Im afrikanischen Busch fliegt es sich noch weitgehend unbeschwert. Nur so lassen sich jedenfalls die vergnügten Gesichter der Piloten deuten, die in ihren Kleinflugzeugen Passagiere und Fracht von Airstrip zu Airstrip transportieren. Auch der Laie kann sich gut vorstellen, dass die kommerzielle Fliegerei in einem sechsplätzigen Propellerflugzeug abwechslungsreicher ist als im computerisierten Jet. Umso mehr Verständnis hat man für den Piloten, der sich lauthals darüber beklagt, dass das Sicherheitspersonal (an den grösseren Flugplätzen) ihm tatsächlich manchmal die Wasserflasche wegnehme. Das Verbot von Flüssigkeiten wird auch in Afrika rigoros durchgesetzt.
Der Sicherheitsapparat erachtet die Risiken durch dehydrierte Piloten offenbar als weniger relevant als das Risiko, dass ein Pilot sein Flugzeug mittels eines Flüssigsprengstoffs zur Explosion bringen könnte. Wenig bedacht hat man dabei offenbar, dass Piloten ihre Flugzeuge auch ohne Sprengstoff zuverlässig zum Absturz bringen können. Verstehen kann das nur, wer Sicherheit nicht als kalkulierte Gratwanderung zwischen Sicherheitskosten und Sicherheitsnutzen sieht, sondern diese vielmehr mit religiösen Argumenten wertet.

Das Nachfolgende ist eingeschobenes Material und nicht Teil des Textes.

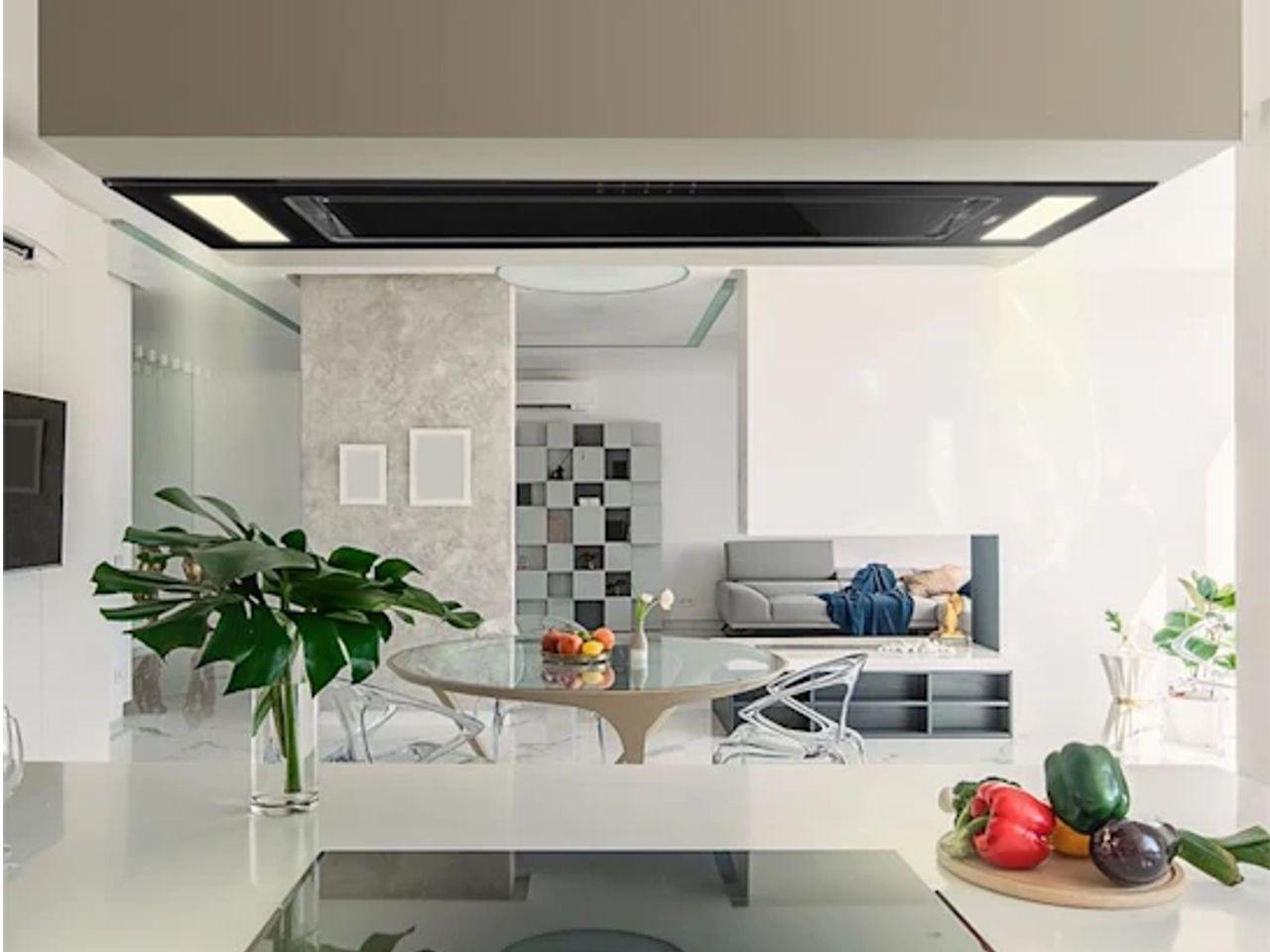 Flexibilní: 90cm digestoř s provozem odvádění odpadního vzduchu pro použití jako stropní digestoř nebo digestoř na zabudování

Flughäfen sind die Kathedralen des Zeitalters der Globalisierung. Beim Gang zum Gate legen die Reisenden eine Strecke zurück, die einer Wallfahrt zur Ehre gereicht. Auf diesem Weg sind verschiedene Stationen der Reinigung zu passieren, bei denen man sich die Pilger ihrer Schuhe auch dann entledigen, wenn diese selbst dem feinsten Detektor als unverdächtig erscheinen müssen. Statt des Pilgerstabs trägt der Reisende der Postmoderne ein Gefrierbeutelchen mit verschiedenen Gefässen bei sich – 100 ml fasst ein jedes davon. Im Glauben an die absolute Sicherheit wird gemeinsam mit dem Sicherheitspersonal dem Nullrisiko gehuldigt. Unerreichbar muss dieses Paradies jedoch mindestens solange bleiben, als die Fracht in den dunklen Bäuchen des Flugzeugs nicht ebenso Erleuchtung erfährt wie das Handgepäck des pilgernden Passagiers. Abseits des öffentlichen Rampenlichts, in den Frachthallen, ist die sicherheitsbeauftragte Priesterschaft weit weniger streng in der Einhaltung ihrer Gebote.